The pulmonary metastasis assay was carried out to investigate the role of miR-1202 in tumor metastasis. Two groups of SGC-7901 cells were injected into nude mice through the lateral tail vein. After 2.5 months, the lungs of mice were isolated. While no metastatic tumor was observed in the lungs of all the control mice, four of the five mice injected with cells overexpressing miR-1202 had multiple visible lung metastases. The representative photos were shown in Fig. 3D. The results of H&E staining further confirmed lung metastases in the miR-1202 group (Fig. 3E). Collectively, the results suggested that miR-1202 had no effect on primary GC cell growth but promoted distal pulmonary metastasis in vivo.
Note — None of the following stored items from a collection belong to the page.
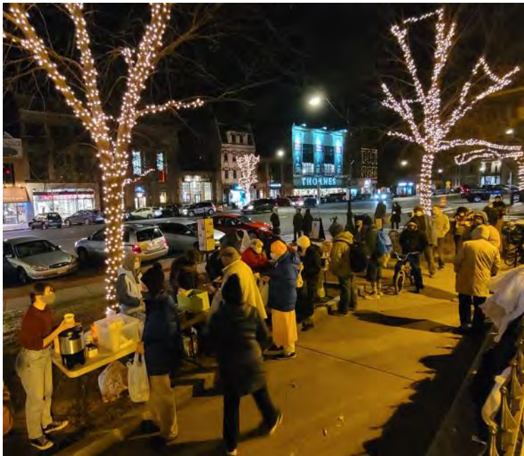
CITN & Edwards Church volunteers serving dinner on December 5t
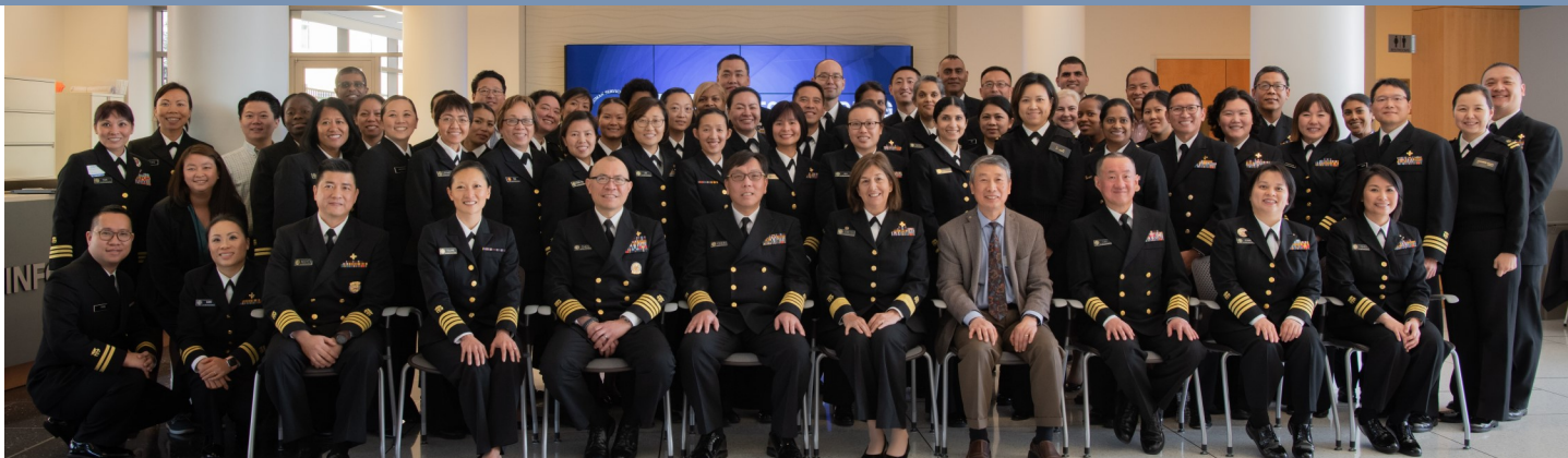
Distinguished guests, presenters, and participants at the 3 rd Annual APAOC Leadership Summit
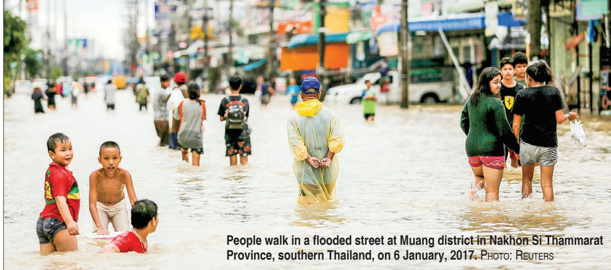
People walk in a flooded street at Muang district in Nakhon Si Thammarat Province, southern Thailand, on 6 January, 2017.

BANGKOK — Widespread flooding in Thailand’s south has killed 21 people, hit rubber production in the region and shut down infrastructure, officials said on Monday, as the military government increased aid to flood-affected areas.
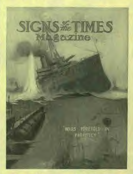
August Magazine Cover in Miniature

Read all he says about this, and about the blighting influence of mind cure, in the August number of the
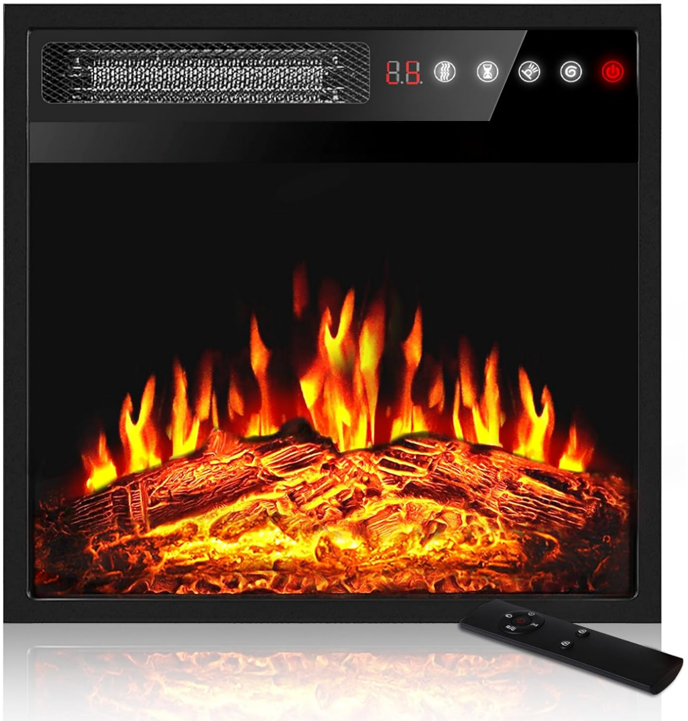
Image: The electric fireplace insert displaying its realistic LED flame effect and glowing log bed, creating a warm and inviting atmosphere.
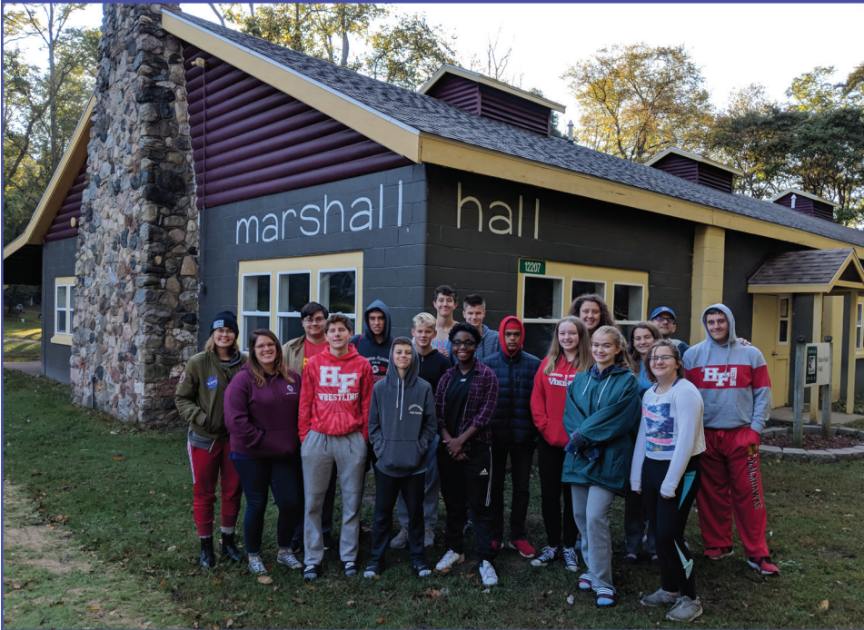
Retreats! Quest "retreated" to Tower Hill October 12-14 and learned more about themselves through Myers-Briggs & spiritual gifts (above).
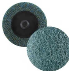
Quick Change Surface Conditioning Discs
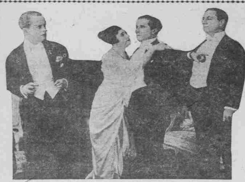
DRAMATIC SCENE FROM "SCANDAL," THE FOX FEATURE STARRING BERTHA KALICH AT THE MAJESTIC THEATRE.

TODAY'S FILM FEATURES. Columbia—"The Habit of Happiness," "Gypsy Joe." Majestic—"Slender," "The Heart of Paula," "The Goddess." Pickford—"Then I'll Come Back to You." Sunset—"A Modern Sphinx." Circle—"The Coward."
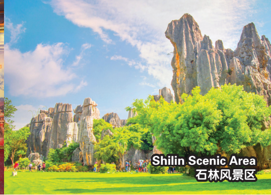
Shilin Scenic Area 石林风景区
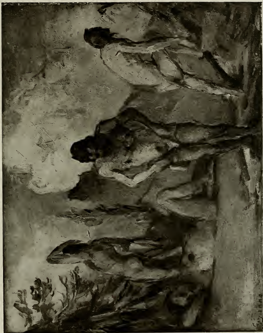
THE BATHERS BY PAUL CÉZANNE
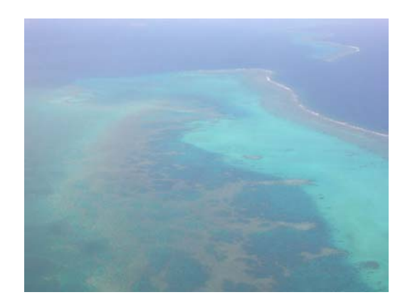
Plate 2: New Caledonian Coral Reef

Identification of miR-1202 target genes and bioinformatics analysis
The information about the regulatory target of miR-1202 is limited, we, therefore, utilized 9 miRNA target prediction databases, such as Oncomine database and GEO database, in order to get a better understanding of miR-1202 mechanism. As shown in Fig. 4A-B, 139 potential target genes of miR-1202 were selected. According to the KEGG pathway analysis and GO enrichment in DAVID, 4 KEGG pathways, 39 GO terms of biological processes (BP), 13 GO terms of cellular components (CC), and 14 GO terms of molecular function (MF) were identified. Four KEGG pathways and the top 10 GO annotations of each section were listed in Fig. 4C. According to the KEGG pathway results, 17 target genes were likely involved in the cytokine-cytokine receptor interaction, CAMs (cell adhesion molecules), valine, leucine and isoleucine degradation, and glutathione metabolism. In the GO enrichment, the target genes accumulated in the BP of cell adhesion, collagen fibril organization, and positive regulation of mitogen-activated protein kinase (MAPK) cascade, in the CC of the external side of the plasma membrane, melanosome, apical plasma membrane, and in the MF of peroxidase activity, signal transducer activity, and fatty-acyl-CoA binding.